As for the search query syntax, you can find it on TechNet https://go.microsoft.com/fwlink/?LinkId=394544
Now, by looking at my facets above, I notice 2 requests with the ‘options’ method: normal web site visits wouldn’t be using that method on my server, so this must be someone scanning/fingerprinting the server (only my server, or maybe someone is scanning and entire network to see which IPs have webservers of some sort running. So let’s click on the facet, and the query becomes
Type=W3CIISLog csMethod=options | Measure Sum(scBytes) by cIP
and this brings down our query to the one IP address issuing those requests:
What I find very handy, when looking at traffic logs, is to know my visitors: who are those IP addresses?
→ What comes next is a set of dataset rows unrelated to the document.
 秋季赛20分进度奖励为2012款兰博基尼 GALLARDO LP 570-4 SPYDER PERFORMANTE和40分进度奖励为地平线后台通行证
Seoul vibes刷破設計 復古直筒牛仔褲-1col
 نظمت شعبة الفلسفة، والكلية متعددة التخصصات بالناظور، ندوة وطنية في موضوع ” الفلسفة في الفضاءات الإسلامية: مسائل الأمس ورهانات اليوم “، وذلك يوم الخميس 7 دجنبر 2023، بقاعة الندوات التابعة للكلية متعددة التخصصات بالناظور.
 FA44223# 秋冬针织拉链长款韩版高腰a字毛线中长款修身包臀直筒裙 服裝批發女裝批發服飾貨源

That’s why I normally have the whois.exe utility from Windows Sysinternals handy (or you can use an online whois service)
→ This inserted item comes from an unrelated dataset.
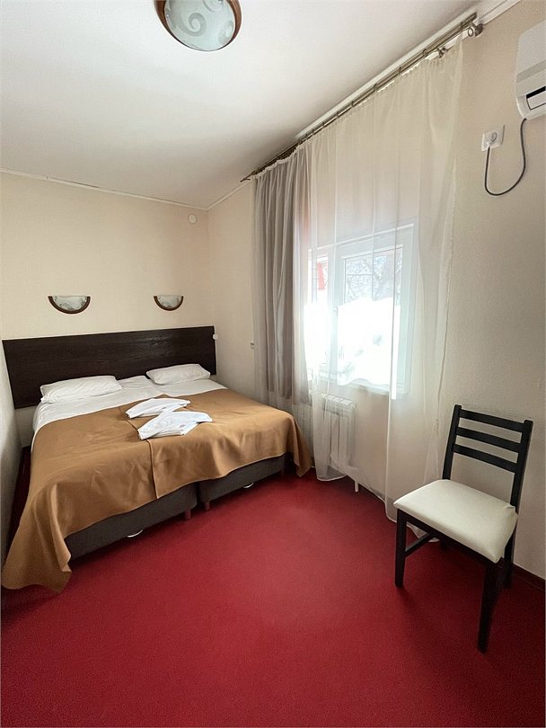 Номер с двуспальной кроватью 140 на 200- это то, что так необходимо после насыщенного яркими эмоциями и впечатлениями прошедшего дня. Номер обустроен всем необходимым для комфортного проживания. Телевизор, холодильник, рабочий стол, чайник, ванная комната и косметические средства.Услуги и удобства
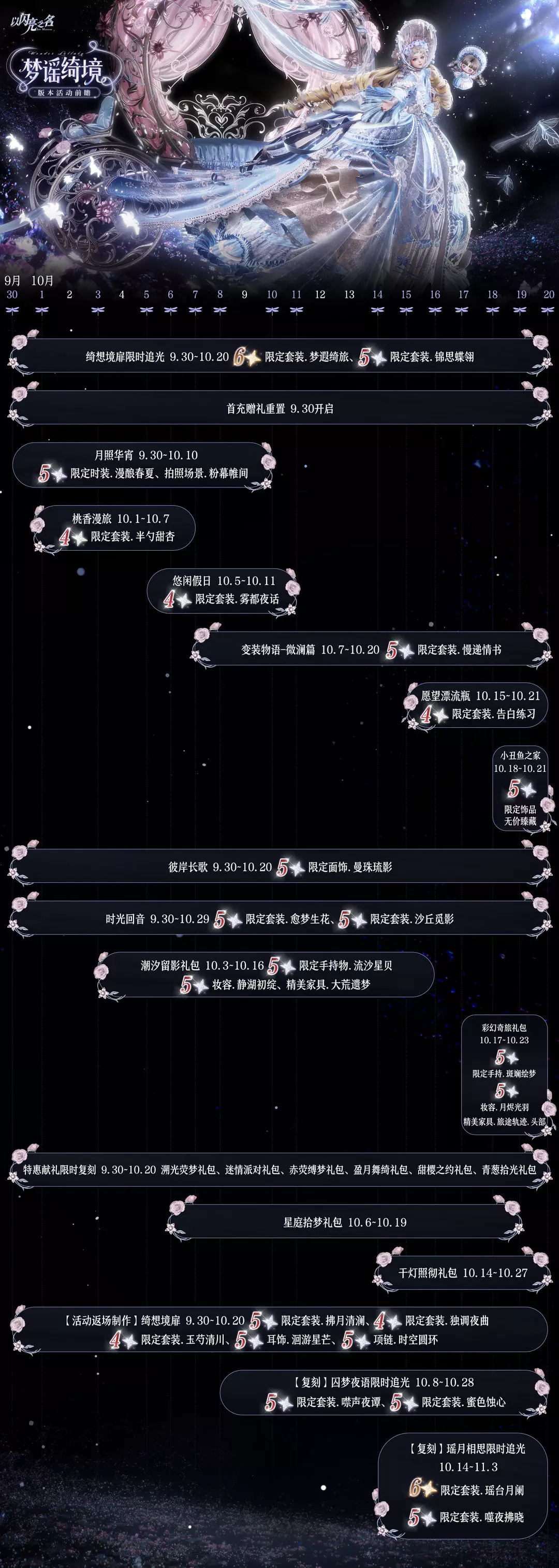 10月8日10:00–10月28日23:59,追光活动【囚梦夜语】上线,5星套装及SR羁绊限时返场!该追光活动每登场10次内必获得SR羁绊或限定五星套装部件(直至集齐所有限定五星套装),集齐每套限定套装后,还可以额外获得该套装的专属集齐称号及专属休闲动态动作,并可在拍照-动态动作里使用。此外,【囚梦分解】商店也将同期限时开启,通过分解该限时追光活动内的服饰,可获得限定时装部件【薰光叙诗】、【旧梦回响】、【鱼曳漾梦】、动态拍照动作【弹跳节拍】、拍照动作【圣礼羽落】及头像框、囚梦风向标、心念之蝶、知之钥、金币等材料道具!

So we know who this scan came from. But what else did this IP do? Let’s drill into the IP address, and remove the filter for the method – to see every request from that IP (if this was part of a larger scan)… in this case, we found no other activity from that address. We can’t really do anything in this case about it, and we move on. But now you could go back a couple of steps (using the query history on the right end side of the search screen – Tip: toggle it with the ‘clock’ icon) and continue investigating what the next client IP did, and so forth.
I hope I gave you a sense of how to move around W3CIISLogs in a security-type investigation.
What about troubleshooting scenarios for a website/webserver?
I could get a breakdown of requests by HTTP status code the server has returned
Type=W3CIISLog | measure count() by scStatus
and lets’ see I want to start investigating what those ‘500’ errors were…a few clicks, a few changes to my query it becomes
Type=W3CIISLog scStatus:500 csHost:"www.muscetta.com" | measure count() by csUriStem
which shows me that (based on the facets) 14 IP addresses have been getting ‘500’ back on the wordpress comments page – so either my comments don’t work, or these were spam attempt that were blocked, and with some other twist of the query, I can see which actual blog posts on my site the comments were meant to be for
Type=W3CIISLog scStatus:500 csHost:"www.muscetta.com" csUriStem:"/wp-comments-post.php" | measure count() by csReferer
And I can check how many unique IP addresses are being failing to post comments
Type=W3CIISLog scStatus:500 csHost:"www.muscetta.com" csUriStem:"/wp-comments-post.php" | measure count() by cIP
These are just some very basic examples to get you warmed up and give you a sense of what you can do and how you can interact with the logs – Have fun searching your own W3C logs, and let us know what you think of Advisor by going to the ‘Feedback’ button.